In a post on LinkedIn, Richard Baker, one of Bank North’s founders said: “I was an original co-founder of Bank North but left the day-to-day business over a year ago. As a shareholder we have just been informed (in a letter from the Board Chair) the sad news that the Manchester based neobank / challenger bank has failed to raise the capital it needed to progress from its ‘AwR’ banking licence to become a fully regulated bank.
“Our first thoughts have to be with the remaining colleagues who are losing their jobs, especially in these uncertain times, many of whom had only joined the business over the last year or so.
“Bank North had launched as a lending business – proving loans to SMEs – and apparently is now intending to sell its loan book with about a third of the headcount as part of its solvent wind down.
“Despite successfully achieving its ‘restricted’ banking licence in August 2021, the business had not yet launched its savings business to UK customers, so a further disappointment to its outsourced service providers.
“Many of us had put our heart and sole into making Bank North the success it was – a specialist lender to support UK SMEs – so the inability to raise further investment is a disappointment, albeit not unexpected given previous fund raising challenges along with the gathering uncertainty in investment markets.
“Finally, I just want to send my best wishes to all those good people directly and indirectly impacted.”
A variety of other players in the space responded to Baker’s post, expressing sadness about the news. David McCarthy, CFO at Atom Bank, said on LinkedIn: “I’m sure many have poured heart and soul into building this business over the years and it will be no fault of theirs that it has ended this way. Very best wishes to all affected.”
Will Davies, chief deposits officer at Ford Money, also commented: “Sorry to read this. I’ve had a similar experience and know how crushing it can be. Best of luck to all the team at Bank North.”
Is it all doom and gloom if a company doesn’t get its funding?
It is especially sad to see a company throw in the towel when the reason is a lack of funding. But does a failed funding round mean the company’s life has come to an end? The short answer is no.
We heard from Luke Ladyman, co-founder and COO at paytech Cheddar, who discussed his own experiences with securing funding and how fintechs should go about facing this type of adversity:
“From my own experience of launching a fintech startup, the best advice I can give to others struggling to secure initial funding is; digest the feedback being given by the potential investors and use this to understand what it is about your proposition that isn’t resonating.
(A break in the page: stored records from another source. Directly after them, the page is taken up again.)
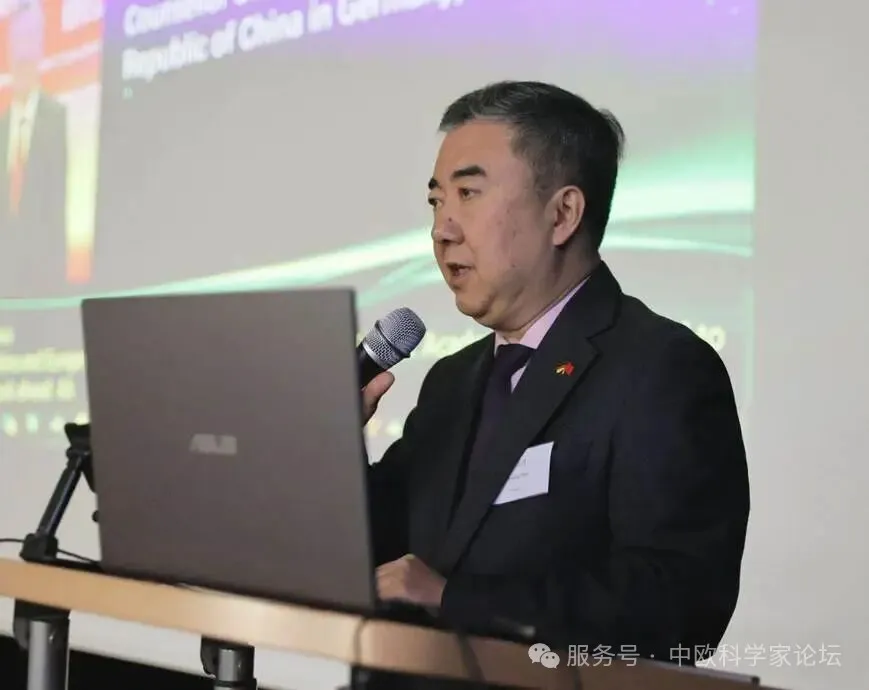 中国驻德国大使馆教育处周志强参赞在致辞中强调,科技交流始终是维系中欧关系的重要桥梁,双方在人工智能、生物医药、气候变化等领域合作潜力巨大。面对全球性挑战,中欧科学家应深化合作,以科技进步助力人类社会可持续发展。
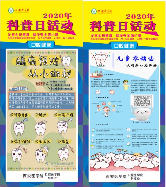 pp电子于2020年9月4日起,pp电子学生科组织策划并开展以口腔所有在校学生为主体,征集口腔科普相关宣传作品的活动,同时教学科予以协助,为需要指导的学生团队和个人联系老师。截至9月15日,pp电子学生科共收集到学生科普作品21份,其中科普视频3个,科普宣传海报18份。经过学院和学生之间的层层选拔,选出优秀作品和视频制作成展板,在校园内进行展出,并在pp电子官方网站微信公众号上进行展示。此次学生们制作的口腔科普宣传作品涉及到龋病、牙周病等口腔常见疾病的临床症状、预防、诊断及治疗,以及唇腭裂的序列治疗方案,有助于大家更好的了解口腔,也更加关注口腔健康。
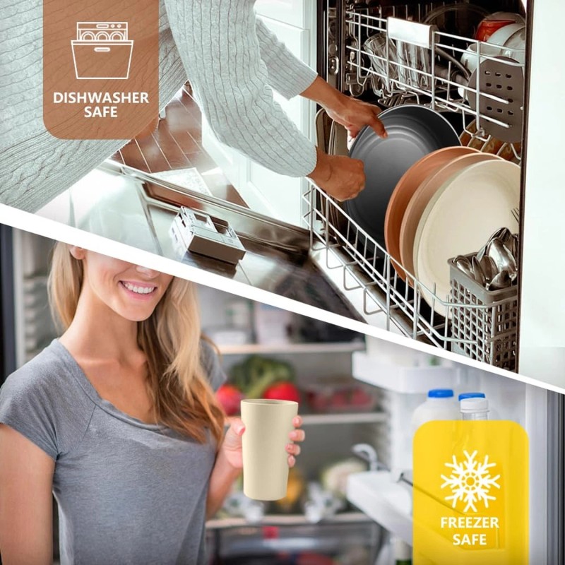 - Freezer & Dishwasher safe: Cleaning up is a breeze as these dinnerware are dishwasher safe. They are also used for store leftovers in the freezer. WARNING: NOT recommend for microwave.

“If a common theme starts to emerge, you’ll know where to focus your efforts. If not, then you may be speaking with the wrong investors. Focus on those that specialise in your space and understand the challenges your product helps solve.
“Cheddar’s experience with investors highlighted the need for startups to validate traction of the product with user data as much as possible. Ask yourself, how engaged are your customers? As opposed to how many customers you have. Or, how big is the market you’re going after in reality?
“As an early stage business, you’re not expected to have 1,000,000 installs or products sold, and therefore your remaining funds could be used on validating retention if not done already. The pending investment can be used for user acquisition and driving monetisation. Without engagement and retention, the funding conundrum will continue.
“I wouldn’t be afraid of asking for introductions from investors who may not be interested today. Investors may be able to suggest mentors or connections from within their network that can greatly assist the business. In our case, a suggestion from a VC that didn’t invest in the business completely changed our path for the better.”